English

Bug: Buffer overflow when COORDSYS element in ArcPad Map file (.apm) has more than 1000 characters

Description

The COORDSYS element of an ArcPad Map file (.apm) consists of a text string which defines the projection of the ArcPad Map. This text string should not exceed 1000 characters. In versions 6.x and 7.0, ArcPad does not check the length of this text string when reading the COORDSYS element, and before copying the text string into a memory buffer. Consequently, COORDSYS text strings longer than 1000 characters are copied into an insufficiently sized memory buffer, resulting in a buffer overflow. This bug provides the potential for malicious code to be executed when opening an .apm file that contains the code in a long COORDSYS string.

Cause

The length of the COORDSYS element's text string is not checked before copying the text string into a memory buffer.

Workaround

Exercise caution when opening ArcPad Map files from unknown sources.

Like many common file types, ArcPad Map files (.apm), ArcPad Layer files (.apl), and ArcPad Applet files (.apa) can all contain embedded scripts.
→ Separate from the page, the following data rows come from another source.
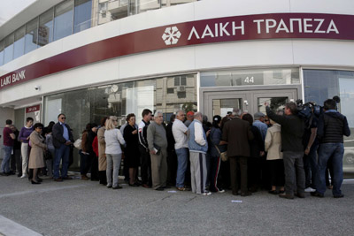 圖為客戶在塞浦路斯第二大銀行Laiki Bank在首都尼科西亞的一家分行門口排隊等待銀行開業。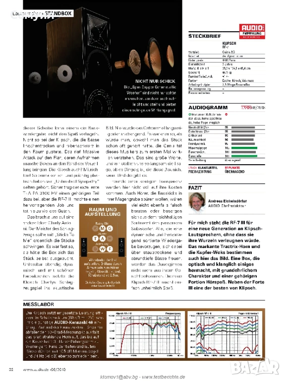 За да не оставаме само с празни приказки срещу твърденията на британските експерти, ще се позовем на обективността на немската инженерна школа и на коректните измервания в AUDIO (06/2018), от които ясно се вижда, че RF-7 III е рафинирана, неутрална и изключително прецизна колона, което може да се види от тяхното измерване на KLIPSCH RF-7 III, което специално съм приложил като снимка.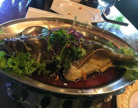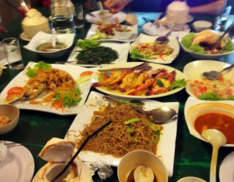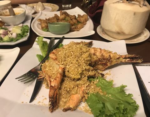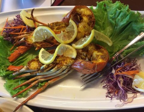 服务很不错,细致周到而且面带笑容,和星级酒店里的服务差不多了,吃的以当地特色海鲜为主,主要还是各种虾,烤的稍微有点焦,其他到也没什么。
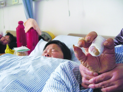 昨天中午,記者在高淳縣人民醫(yī)院見(jiàn)到了邢老太,她此時(shí)躺在病床上,正在掛水,面色異常蒼白,一旁的女兒雙眼通紅,不住地?fù)崦赣H的手臂。“真是太過(guò)分了,他們能這樣對(duì)待一名老人嗎?”女兒哭著告訴記者,那少了的一節(jié)手指就是被城管隊(duì)員硬生生扯斷的。

These embedded scripts also provide the potential to execute malicious code when the file is opened by ArcPad. Caution should always be exercised when opening any file that can contain an embedded script - especially files that are received from anyone but a trusted source.

A service pack for ArcPad 7.0 will be released in April, 2006. This service pack includes a fix which discards any characters that exceed the 1000 character limit for the COORDSYS element.